I am attempting to do some fine-mapping experiments. To increase the chances of capturing the pathogenic variants, I would like to include as many variants as I can, including AT and GC SNPs, and 15% of my data seems like a lot to drop if it can be retained.
I was reading from the Genotype Harmonizer webpage at https://github.com/molgenis/systemsgenetics/wiki/Genotype-Harmonizer#typical-usage-scenarios, and I noticed the following (it is about imputation, but the same logic would apply to my trans-ethnic fine-mapping experiments).
"When imputing genotype data the strand of both the study data to impute and the reference data used for imputation need to be identical. Some imputation tools can swap the strand of non-ambiguous SNPs but this is not possible for AT and GC SNPs. AT and GC can be swapped using minor allele frequency but this is not reliable, especially for variants with a high minor allele frequency. The Genotype Harmonizer solves these problems by using LD structure of nearby variants."
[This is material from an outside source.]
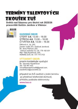 V příloze naleznete termíny talentových zkoušek ZUŠ Světlá nad Sázavou, pracoviště Golčův Jeníkov a Vilémov pro školní rok 2025/2026.
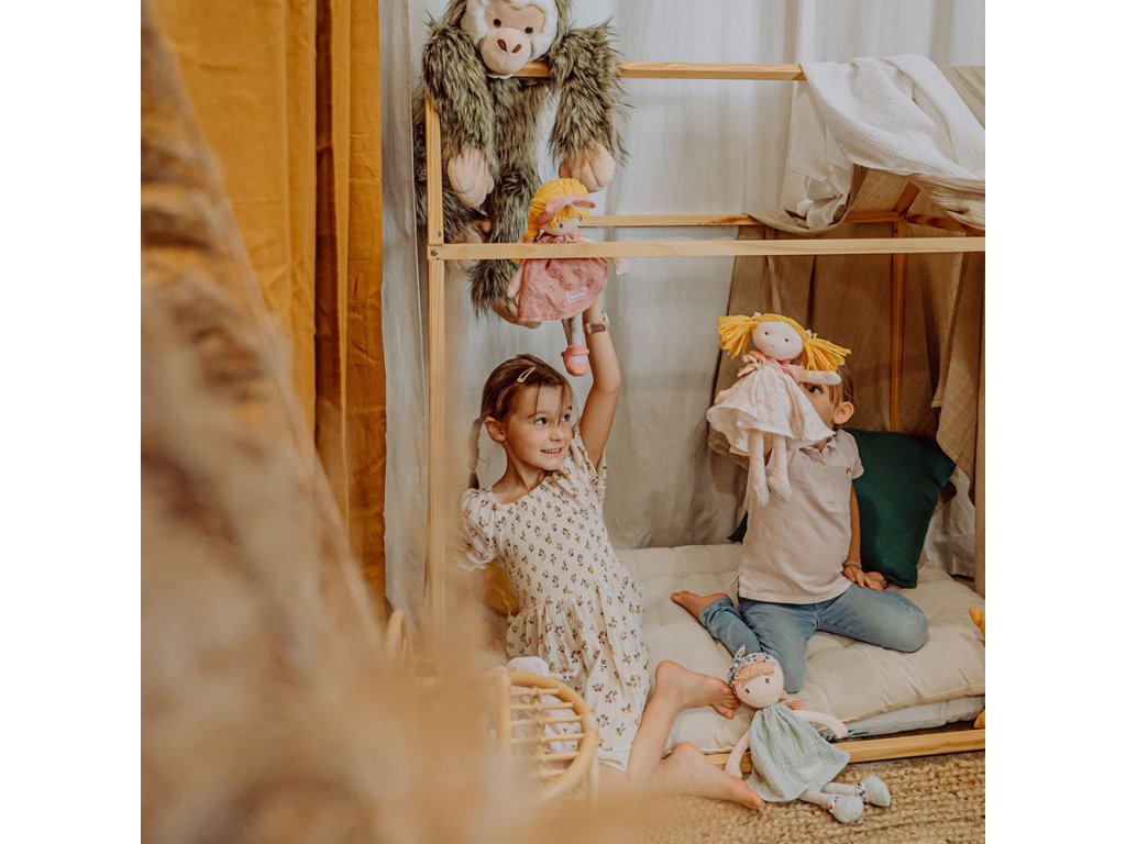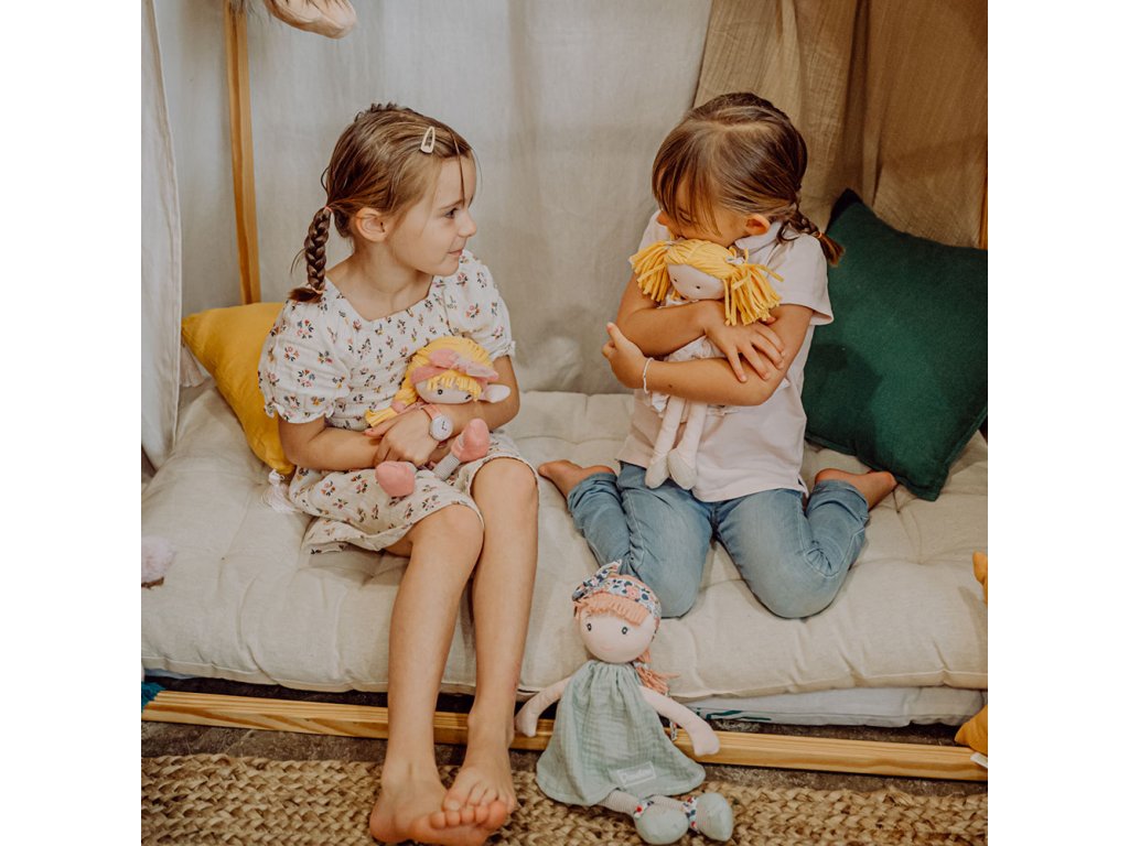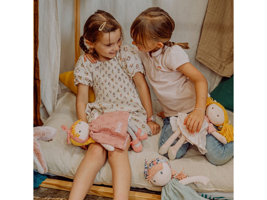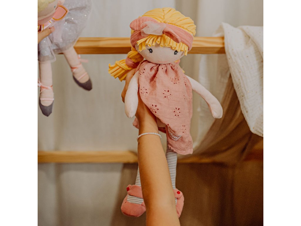 Látková panenka Suzette je často zasněná a ráda se v myšlenkách ponoří do nádherných příběhů. Ráda nosí hezké splývavé růžové šaty z bavlny poseté výšivkami květin, růžové balerínky, čelenku s velkou mašlí s nádechem tylu. Oblečení je navíc možné svlékat a zase oblékat. Panenka je dodávána v originální dárkové krabičce. Hračka splňuje evropské bezpečností CE normy. Údržba: Perte v lázni na 30° Doporučení: Přirozené nebo nízkoteplotní sušení. Hlavní vlastnosti: vhodné od narozeníbavlněný obličej, vyšívané oči i ústa a pihypanenka s doplňky, které je možné svlékat a oblékatv dárkové krabičce

For some of the studies, I only have association summary statistics, including MAF. Thus, I cannot use an LD approach. However, regarding the portion that is bold, my question is, provided that the minor allele frequency is not close to 0.5, why is this unreliable? For example, if we have a SNP rs1234 with A: 0.800 and T: 0.200, just how unreliable is it to assign a strand using MAF? But more importantly, I would like to know the reasons why it is unreliable.
** Edit - I continued reading the Genotype Harmonizer manuscript. At one point, they clarify:
One solution to the problem of unknown strands is to compare the minor allele between two datasets. However, use of the minor allele is not ideal as it can differ between datasets and populations, especially for common variants.
This makes sense, because the minor allele of many variants, including AT and GC SNPs, can be different in different populations. Thus, a SNP that has MAF not near 0.5 in one subpopulation may still have MAF near 0.5 in another subpopulation. However, in my case, I know the population code of all the individuals in my data and in the reference datasets I used to align the other SNPs.
So, provided that I do the alignment to the + strand on a subpopulation by subpopulation basis, then am I OK to use MAF to assign strand? To clarify, I would drop any AT or GC SNP having 0.3 < MAF < 0.5 in one or more subpopulation. If I take this route, are there still any [systematic, rather than sporadic] issues with doing this, or if those precautions are taken is it alright?